Two Persistent Myths About Woody Allen’s Oeuvre

Now that Magic in the Moonlight is out, I’m seeing the usual spate of online articles that accompany the release of all Woody Allen’s films, and nearly every one repeats two myths I’ve been reading for well over a decade now.

 

Myth 1: All Woody Allen films are the same. This is an extraordinary claim in light of even the broadest view of Allen’s work. The first thing anyone familiar with his films knows is that he began with the slapstick of Take the Money and Run and Love and Death, developed into a master of rom-com with Annie Hall and Manhattan, and in the 1980s moved on to more serious dramas like Hannah and Her Sisters and Crimes and Misdemeanors.

The claim is even more extraordinary upon a closer look, for in addition to wacky comedies, love stories and serious explorations of human nature, we also see experimentalism, art film, historical movies, magical realism, musicals, philosophical reflection, pure fluff, mockumentaries, parodies, tragedies and a singular ability for mixing any of the above at whim. And all that before Match Point, his first genuine noir thriller in 2006.
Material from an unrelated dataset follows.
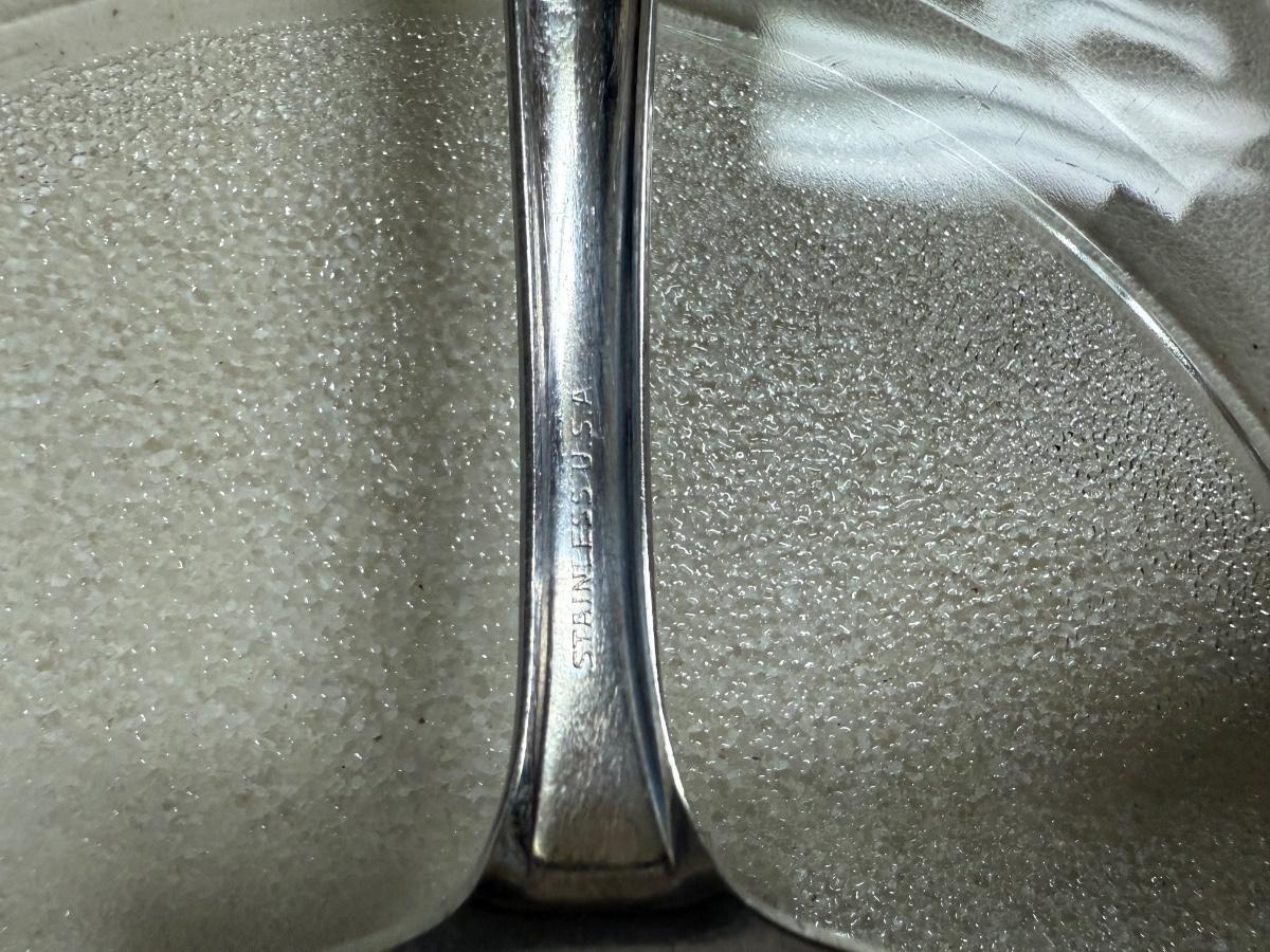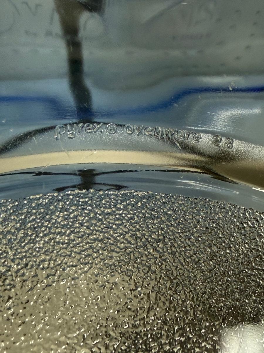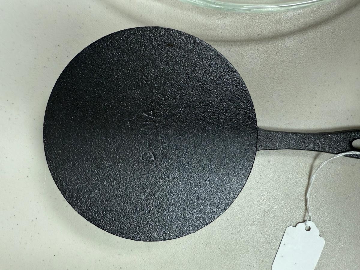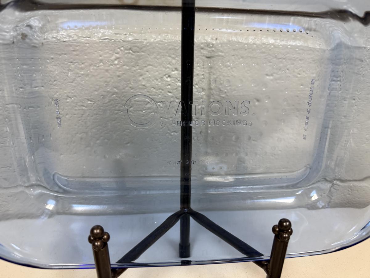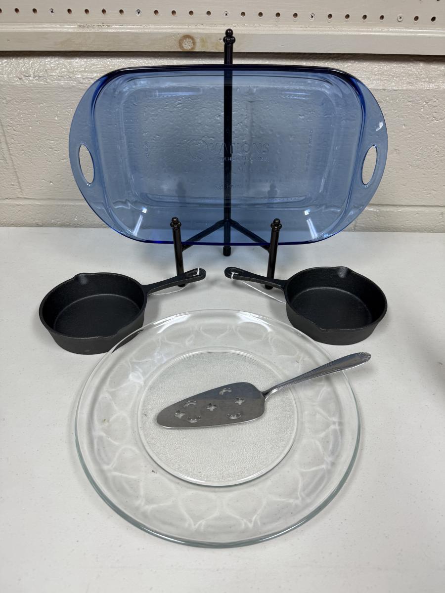 AH Ovations blue casserole, Pyrex ovenware plate, 2 mini cast iron skillets, stainless server

Of course, certain themes recur: sex, infidelity, hypochondria, reflections on death, neurotic writers, psychoanalysis, men in love with younger women, and so on. It would take a very deluded Woody Allen fan not to admit that, but the variety of genres and cinematic techniques, the variety of reappearing themes themselves, make it a stretch past the breaking point to say he is merely repeating himself. Rather, these themes are like motifs that, rather than running throughout individual works, run throughout his work as a whole.

 

Myth 2: Woody Allen’s recent work isn’t very good. To contradict this, we need merely look at the last ten years of films he has written and directed, a total of ten films from 2004 to present. Based on my own recollection of their reception, four have been unqualified successes, pleasing fans, garnering positive reviews, or winning prestigious awards: Match Point (2005), Vicki Cristina Barcelona (2008), Midnight in Paris (2011) and Blue Jasmine (2013). The other six might have been the subject of negative or mixed reviews--while still pleasing many fans--but how many directors can come up with a bona fide gem every two or three years?

If there was a slump, I think it came earlier, for a four-film run from 2000 to 2003: Small Time Crooks, The Curse of the Jade Scorpion, Hollywood Ending and Anything Else. Not only is that not recent, but it’s only three years in a career now spanning nearly five decades with numerous masterworks both before and since. To speak of even the last few years, Midnight in Paris was Woody Allen’s highest-grossing film to date and Cate Blanchett won the Oscar for Best Actress for her performance in Blue Jasmine.

 

I can’t for the life of me understand how these myths persist. Film critics must be familiar enough with Allen’s work to see the daylight between Bananas, Stardust Memories, The Purple Rose of Cairo and Cassandra’s Dream. Surely cinema reportage can’t laud Allen for Midnight in Paris in 2011, Blue Jasmine in 2013 and forget all that by Magic in the Moonlight in 2014.

It’s baffling.

One of the perks of living in a big city like Tokyo is the guarantee that some movie theater somewhere is showing Woody Allen’s latest film. My wife and I used to enjoy going to a little theater in Ebina and getting our fix with all the other die-hard Allen fans, but that’s off the tables now that we have a toddler. I’ll pick up the DVD sometime and determine for myself whether Magic in the Moonlight is any good. Either way, I’ll look forward to his next film and grit my teeth when these myths pop up again.